The future is bright for prostate cancer research. It’s glowing, in fact, thanks to new tools that combine the eye-catching fluorescence of microscopy with next-generation sequencing tools.
LJI Assistant Professor Miguel Reina-Campos, Ph.D., specializes in using spatial transcriptomics tools to advance the field of tissue immunology. Spatial transcriptomics gives scientists a way to track where immune cells are located (the “spatial” part) and exactly how those immune cells are trying to protect the body (the “transcriptomics” part).

By tracking this immune-cell activity, Dr. Reina-Campos can help guide the development of new immunotherapies for prostate cancer, a disease that kills around 35,700 men each year.
“No one has ever profiled tissues like this before,” says Dr. Reina-Campos. “Spatial transcriptomics enables us to look at hundreds of thousands of cells and thousands of genes in prostate tissues.”
When you take away testosterone
Already, Dr. Reina-Campos has shown the power of spatial transcriptomics in studying T cells that fight pathogens in the gut. He has also developed a promising approach for powering up T cells to better fight tumors.
Now Dr. Reina-Campos is investigating how specialized “tissue-resident memory CD8+ T cells” fight prostate cancer.
Scientists know these T cells have the power to kill tumor cells. But T cells don’t work alone. They interact with other immune cells, and they can sense a huge range of signaling molecules, including testosterone and estrogen. These signaling molecules direct T-cell activity, including antitumor activity.
So what happens if you need to fight a tumor, but you suddenly take away testosterone?
“The standard of care for prostate cancer is androgen deprivation—or ‘chemical castration’—in which you reduce testosterone levels almost to zero,” says Dr. Reina-Campos. “But the role of testosterone and its sensor, which is an androgen receptor on immune cells, is not really well known.”
Scientists need to know how androgen deprivation affects cancer-fighting T cells. With spatial transcriptomics, Dr. Reina-Campos can track T-cell activity before and after androgen deprivation. He can uncover exactly which kinds of T cells jump into action and how those T cells travel through tissues to find their targets.

Prostate cancer research may be just the beginning. Dr. Reina-Campos is looking forward to working closely with collaborators, here in San Diego and across the country, to understand how skyrocketing estrogen levels during pregnancy affect T-cell activity in mammary tissue.
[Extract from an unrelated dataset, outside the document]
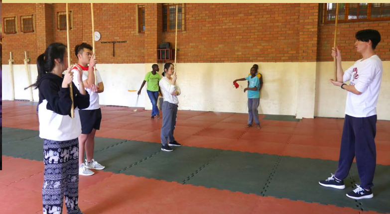
教练亲自指导怎么耍“棍”

Dr. Reina-Campos is also contributing to UC San Diego and Salk Institute studies into how immune cells guard the placenta to stop disease at what scientists call the maternal-fetal interface.
“This research follows T-cell function all through the monthly cycle, all the way through pregnancy and giving birth—which is when hormone levels really change,” says Dr. Reina-Campos. “This is part of trying to understand the underlying mechanisms of the immune system.”
With spatial transcriptomics, Dr. Reina-Campos can track how T cells move, like glowing constellations, through our tissues. This is a new kind of cartography, a mission that may guide us toward better medicine for all.